== ASSIGNED TASK ==
Only the lines below from the one that contains "Patrick Blanc and" through the one that contains "Apabila berlakunya salah" should appear in your answer, exact and without pictures.

Dataset records
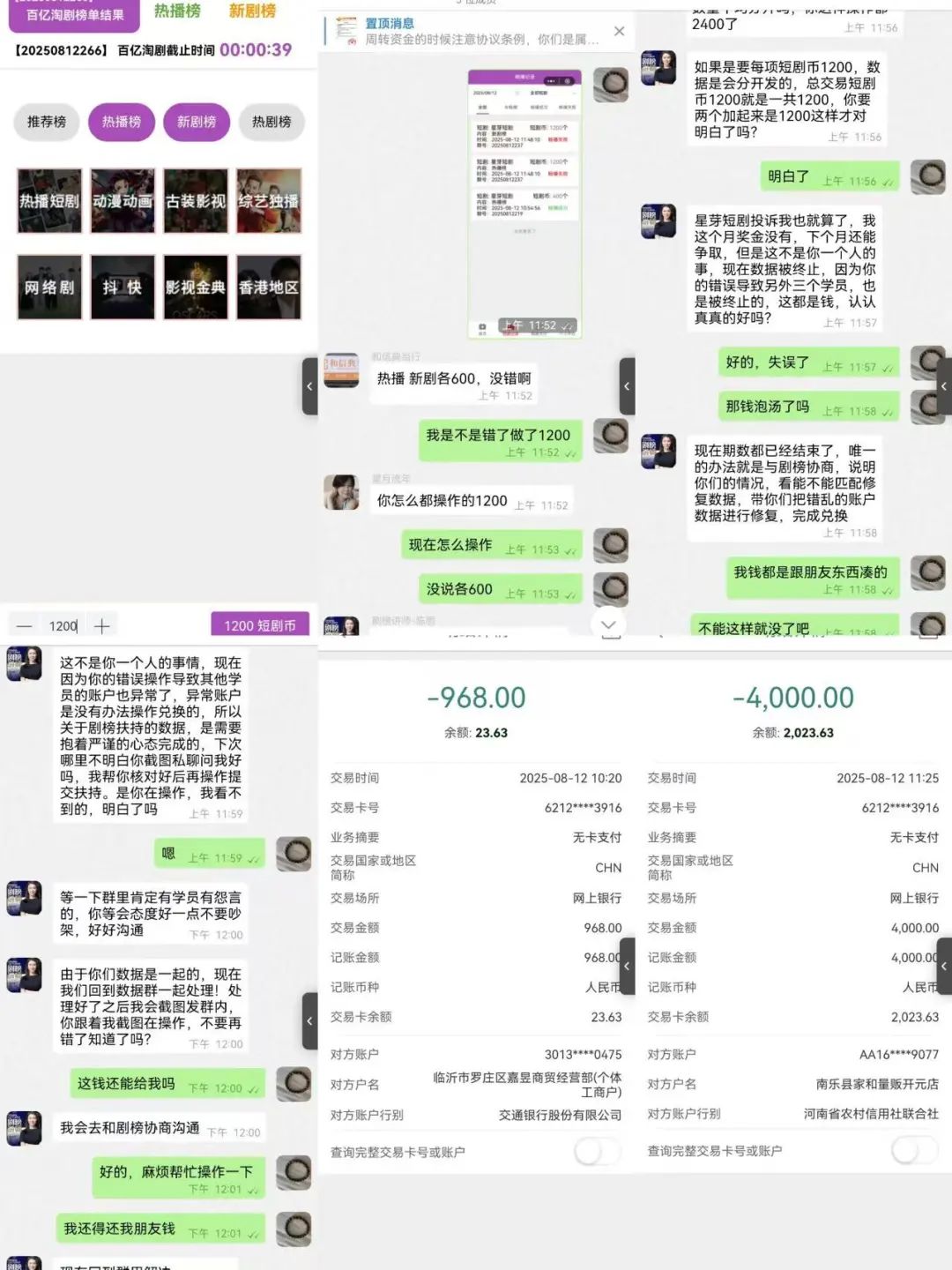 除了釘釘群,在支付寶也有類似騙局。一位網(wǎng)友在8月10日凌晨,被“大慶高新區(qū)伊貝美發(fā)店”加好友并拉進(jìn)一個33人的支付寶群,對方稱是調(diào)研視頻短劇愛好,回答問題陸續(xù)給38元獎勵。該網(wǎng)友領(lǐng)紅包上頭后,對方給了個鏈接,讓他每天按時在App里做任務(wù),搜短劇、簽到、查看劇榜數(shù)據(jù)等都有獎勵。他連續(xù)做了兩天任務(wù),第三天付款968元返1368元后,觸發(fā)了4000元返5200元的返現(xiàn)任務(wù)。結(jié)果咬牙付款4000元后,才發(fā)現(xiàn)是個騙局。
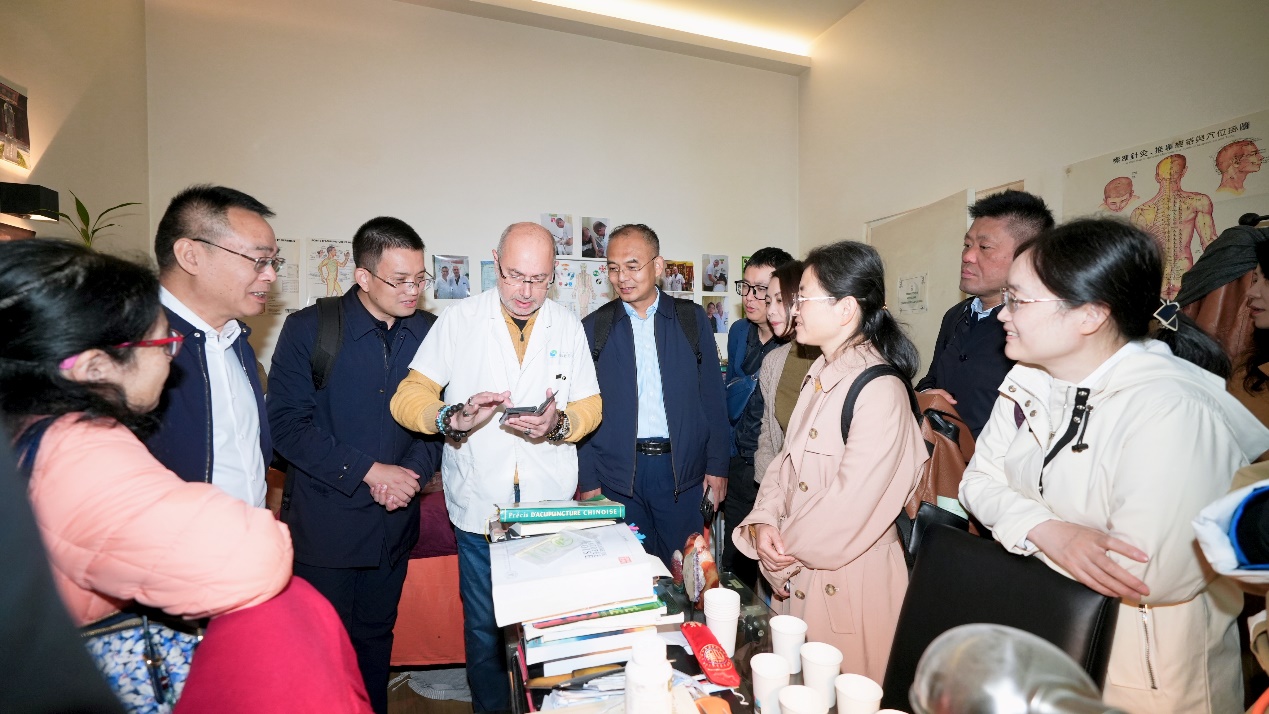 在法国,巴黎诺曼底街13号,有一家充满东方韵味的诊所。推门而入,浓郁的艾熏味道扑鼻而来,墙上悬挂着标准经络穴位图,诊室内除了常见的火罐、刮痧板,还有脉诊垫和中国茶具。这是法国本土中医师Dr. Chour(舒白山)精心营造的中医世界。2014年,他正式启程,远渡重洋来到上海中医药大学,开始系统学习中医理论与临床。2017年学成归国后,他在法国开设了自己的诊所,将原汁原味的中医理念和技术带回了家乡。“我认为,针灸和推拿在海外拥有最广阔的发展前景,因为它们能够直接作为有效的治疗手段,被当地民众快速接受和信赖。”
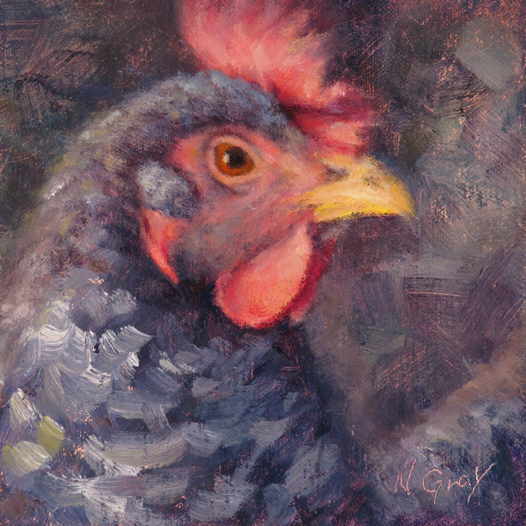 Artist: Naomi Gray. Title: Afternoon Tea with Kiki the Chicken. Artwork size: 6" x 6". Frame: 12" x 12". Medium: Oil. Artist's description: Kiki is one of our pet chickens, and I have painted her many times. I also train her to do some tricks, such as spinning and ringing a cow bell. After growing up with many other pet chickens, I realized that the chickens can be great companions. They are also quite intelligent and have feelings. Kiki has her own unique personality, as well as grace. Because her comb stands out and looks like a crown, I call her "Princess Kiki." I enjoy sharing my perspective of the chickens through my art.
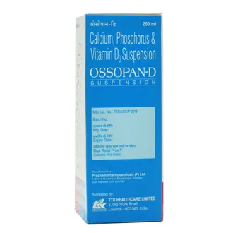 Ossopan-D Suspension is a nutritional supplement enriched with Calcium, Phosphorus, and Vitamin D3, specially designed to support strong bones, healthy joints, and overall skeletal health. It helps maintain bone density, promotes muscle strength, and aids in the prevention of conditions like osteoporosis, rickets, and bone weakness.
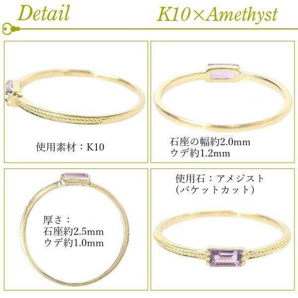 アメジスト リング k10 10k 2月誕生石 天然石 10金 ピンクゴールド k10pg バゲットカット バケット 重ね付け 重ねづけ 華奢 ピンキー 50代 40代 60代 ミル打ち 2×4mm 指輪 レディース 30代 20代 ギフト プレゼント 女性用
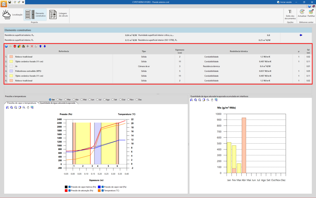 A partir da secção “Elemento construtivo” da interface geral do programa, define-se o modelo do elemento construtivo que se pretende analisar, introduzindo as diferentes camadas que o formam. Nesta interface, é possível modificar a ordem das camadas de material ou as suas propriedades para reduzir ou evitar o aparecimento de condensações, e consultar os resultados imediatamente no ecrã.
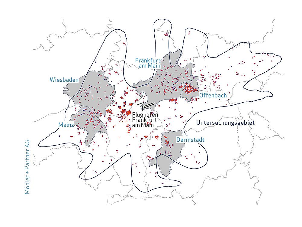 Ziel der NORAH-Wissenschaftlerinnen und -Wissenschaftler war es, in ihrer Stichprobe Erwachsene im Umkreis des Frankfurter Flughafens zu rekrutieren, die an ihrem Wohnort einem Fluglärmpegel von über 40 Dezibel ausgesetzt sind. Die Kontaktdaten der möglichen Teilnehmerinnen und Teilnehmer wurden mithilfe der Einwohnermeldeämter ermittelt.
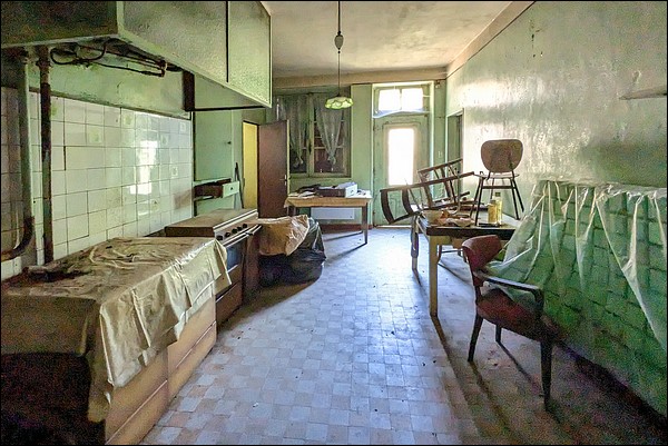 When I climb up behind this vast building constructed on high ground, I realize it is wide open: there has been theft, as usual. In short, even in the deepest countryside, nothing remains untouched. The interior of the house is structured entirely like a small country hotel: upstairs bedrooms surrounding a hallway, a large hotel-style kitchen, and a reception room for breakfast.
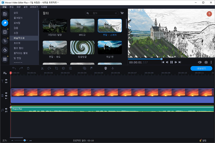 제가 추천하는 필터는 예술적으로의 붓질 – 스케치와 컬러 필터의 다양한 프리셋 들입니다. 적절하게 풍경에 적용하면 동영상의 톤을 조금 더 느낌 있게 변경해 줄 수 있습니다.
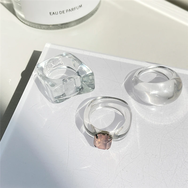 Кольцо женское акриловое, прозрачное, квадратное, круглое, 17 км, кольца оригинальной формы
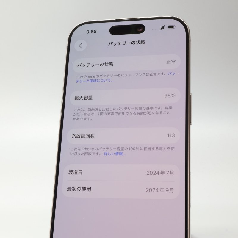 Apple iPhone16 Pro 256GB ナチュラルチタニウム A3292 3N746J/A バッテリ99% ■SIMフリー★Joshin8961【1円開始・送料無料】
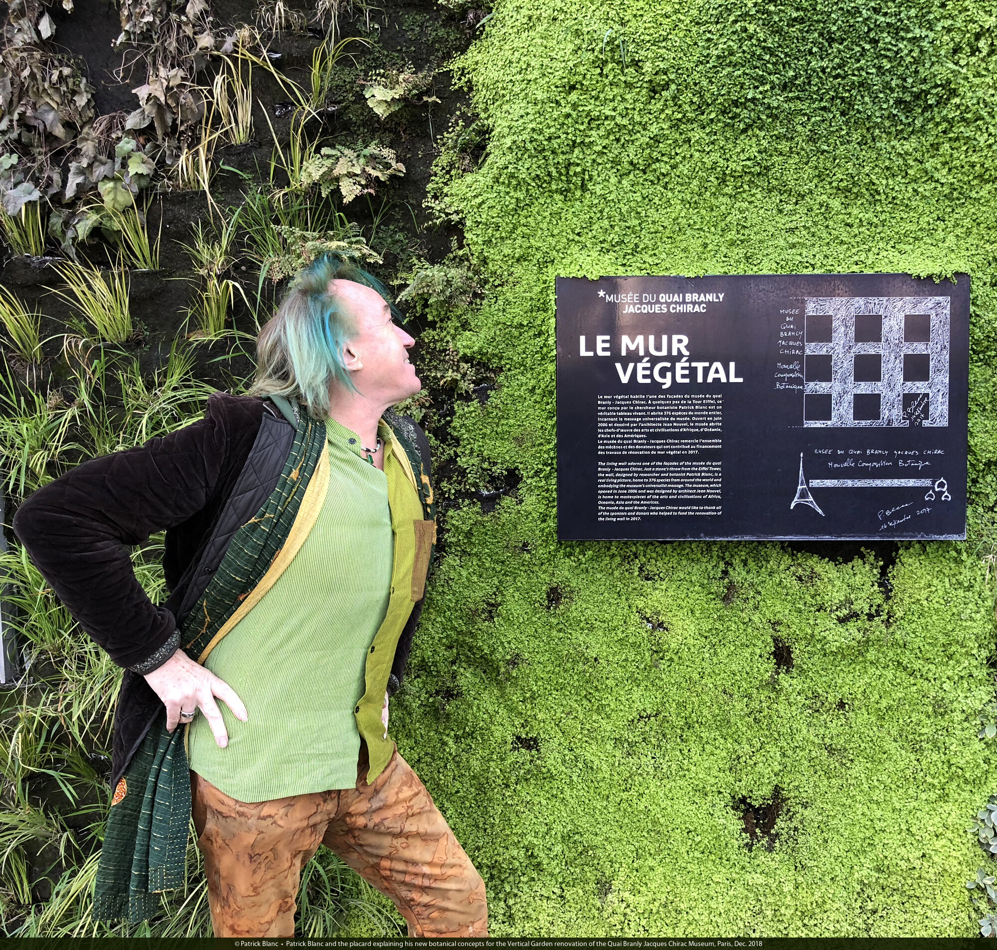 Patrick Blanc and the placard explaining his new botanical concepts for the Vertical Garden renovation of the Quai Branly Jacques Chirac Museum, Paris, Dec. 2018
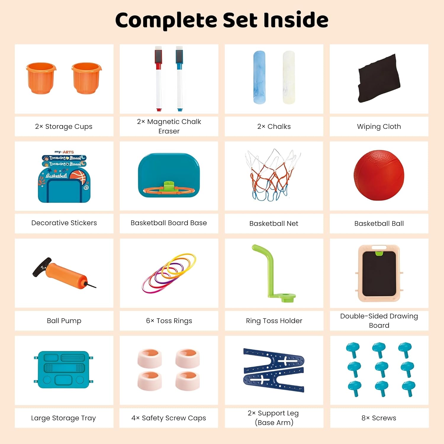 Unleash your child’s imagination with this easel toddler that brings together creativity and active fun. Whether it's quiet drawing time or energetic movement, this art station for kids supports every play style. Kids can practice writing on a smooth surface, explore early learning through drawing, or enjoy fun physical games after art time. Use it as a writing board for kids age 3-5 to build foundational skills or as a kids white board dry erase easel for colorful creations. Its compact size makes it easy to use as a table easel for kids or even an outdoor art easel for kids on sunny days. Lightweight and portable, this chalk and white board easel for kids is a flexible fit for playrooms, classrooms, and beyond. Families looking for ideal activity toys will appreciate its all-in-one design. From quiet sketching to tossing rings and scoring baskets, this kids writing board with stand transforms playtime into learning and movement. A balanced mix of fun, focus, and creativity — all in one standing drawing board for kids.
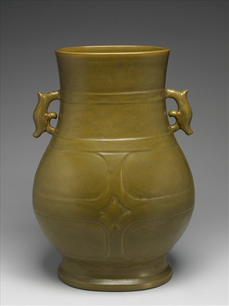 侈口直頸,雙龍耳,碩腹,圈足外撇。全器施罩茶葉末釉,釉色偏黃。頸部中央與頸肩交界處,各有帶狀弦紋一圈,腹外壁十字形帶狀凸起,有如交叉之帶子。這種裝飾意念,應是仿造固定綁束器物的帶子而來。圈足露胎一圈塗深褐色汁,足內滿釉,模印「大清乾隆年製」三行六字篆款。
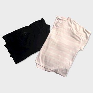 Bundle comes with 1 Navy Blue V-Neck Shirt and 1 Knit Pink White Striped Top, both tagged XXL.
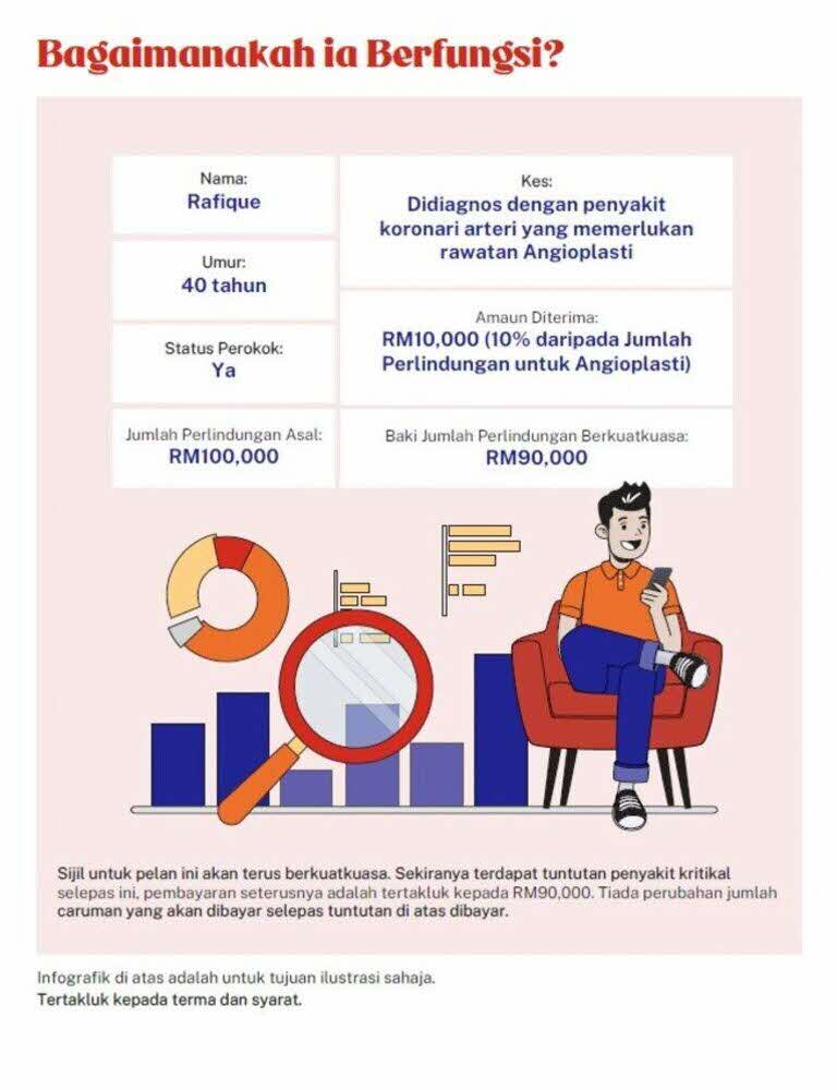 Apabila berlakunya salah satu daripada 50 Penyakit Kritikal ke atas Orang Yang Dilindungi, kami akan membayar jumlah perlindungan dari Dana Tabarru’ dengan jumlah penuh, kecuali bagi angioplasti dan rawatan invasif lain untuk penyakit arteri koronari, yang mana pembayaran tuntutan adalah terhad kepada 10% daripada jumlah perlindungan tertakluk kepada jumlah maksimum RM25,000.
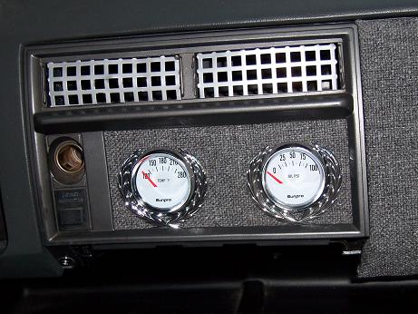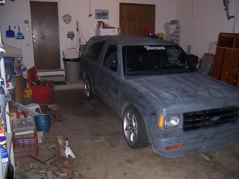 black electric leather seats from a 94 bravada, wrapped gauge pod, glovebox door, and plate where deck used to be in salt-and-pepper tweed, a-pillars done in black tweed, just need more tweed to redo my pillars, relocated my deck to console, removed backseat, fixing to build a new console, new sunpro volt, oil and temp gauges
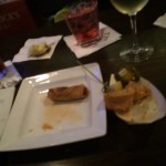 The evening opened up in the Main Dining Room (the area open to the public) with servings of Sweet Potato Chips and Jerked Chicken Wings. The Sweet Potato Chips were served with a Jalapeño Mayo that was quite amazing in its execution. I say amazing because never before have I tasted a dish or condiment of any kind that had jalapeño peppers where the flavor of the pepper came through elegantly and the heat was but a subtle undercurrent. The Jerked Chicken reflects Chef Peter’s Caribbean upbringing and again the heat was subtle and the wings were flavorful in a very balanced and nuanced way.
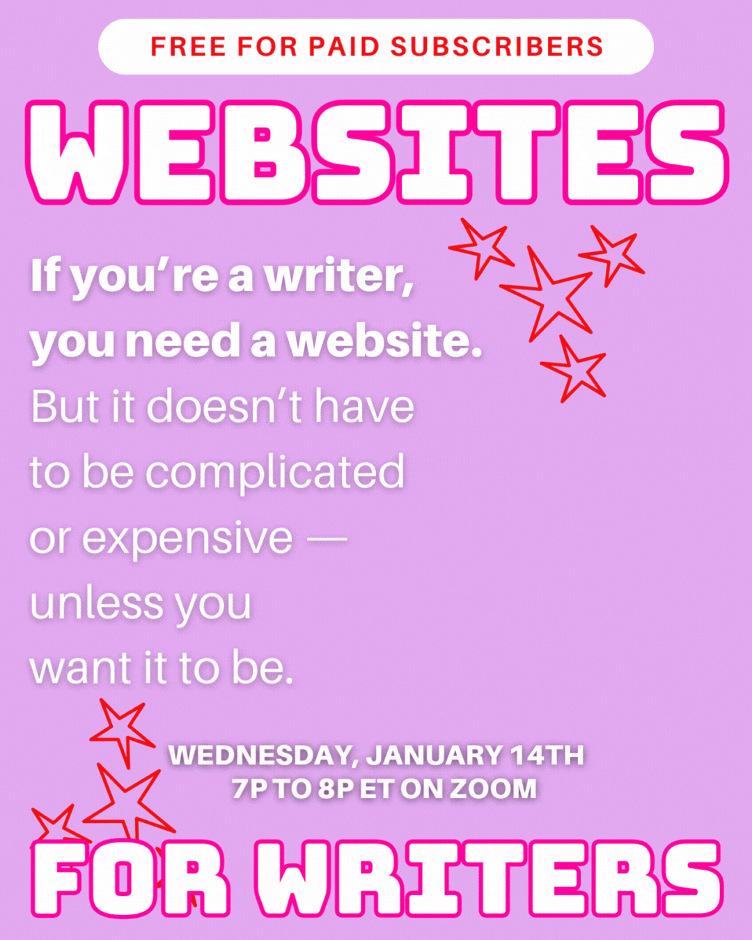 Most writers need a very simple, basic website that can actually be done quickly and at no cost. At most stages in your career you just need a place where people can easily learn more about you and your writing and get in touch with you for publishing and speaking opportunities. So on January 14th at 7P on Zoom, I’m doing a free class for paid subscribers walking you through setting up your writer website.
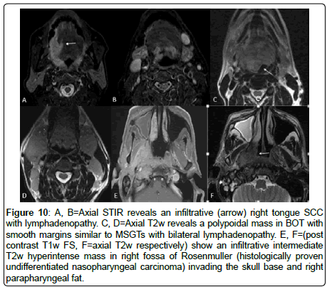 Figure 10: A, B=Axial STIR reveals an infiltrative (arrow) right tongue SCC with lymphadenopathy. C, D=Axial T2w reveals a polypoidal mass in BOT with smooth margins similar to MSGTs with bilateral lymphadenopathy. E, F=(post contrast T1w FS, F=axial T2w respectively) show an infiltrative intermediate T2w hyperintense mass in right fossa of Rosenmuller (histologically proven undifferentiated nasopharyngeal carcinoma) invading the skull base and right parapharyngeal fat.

== OUTPUT OF THE EXERCISE ==
 Patrick Blanc and the placard explaining his new botanical concepts for the Vertical Garden renovation of the Quai Branly Jacques Chirac Museum, Paris, Dec. 2018
 Unleash your child’s imagination with this easel toddler that brings together creativity and active fun. Whether it's quiet drawing time or energetic movement, this art station for kids supports every play style. Kids can practice writing on a smooth surface, explore early learning through drawing, or enjoy fun physical games after art time. Use it as a writing board for kids age 3-5 to build foundational skills or as a kids white board dry erase easel for colorful creations. Its compact size makes it easy to use as a table easel for kids or even an outdoor art easel for kids on sunny days. Lightweight and portable, this chalk and white board easel for kids is a flexible fit for playrooms, classrooms, and beyond. Families looking for ideal activity toys will appreciate its all-in-one design. From quiet sketching to tossing rings and scoring baskets, this kids writing board with stand transforms playtime into learning and movement. A balanced mix of fun, focus, and creativity — all in one standing drawing board for kids.
 侈口直頸,雙龍耳,碩腹,圈足外撇。全器施罩茶葉末釉,釉色偏黃。頸部中央與頸肩交界處,各有帶狀弦紋一圈,腹外壁十字形帶狀凸起,有如交叉之帶子。這種裝飾意念,應是仿造固定綁束器物的帶子而來。圈足露胎一圈塗深褐色汁,足內滿釉,模印「大清乾隆年製」三行六字篆款。
 Bundle comes with 1 Navy Blue V-Neck Shirt and 1 Knit Pink White Striped Top, both tagged XXL.
 Apabila berlakunya salah satu daripada 50 Penyakit Kritikal ke atas Orang Yang Dilindungi, kami akan membayar jumlah perlindungan dari Dana Tabarru’ dengan jumlah penuh, kecuali bagi angioplasti dan rawatan invasif lain untuk penyakit arteri koronari, yang mana pembayaran tuntutan adalah terhad kepada 10% daripada jumlah perlindungan tertakluk kepada jumlah maksimum RM25,000.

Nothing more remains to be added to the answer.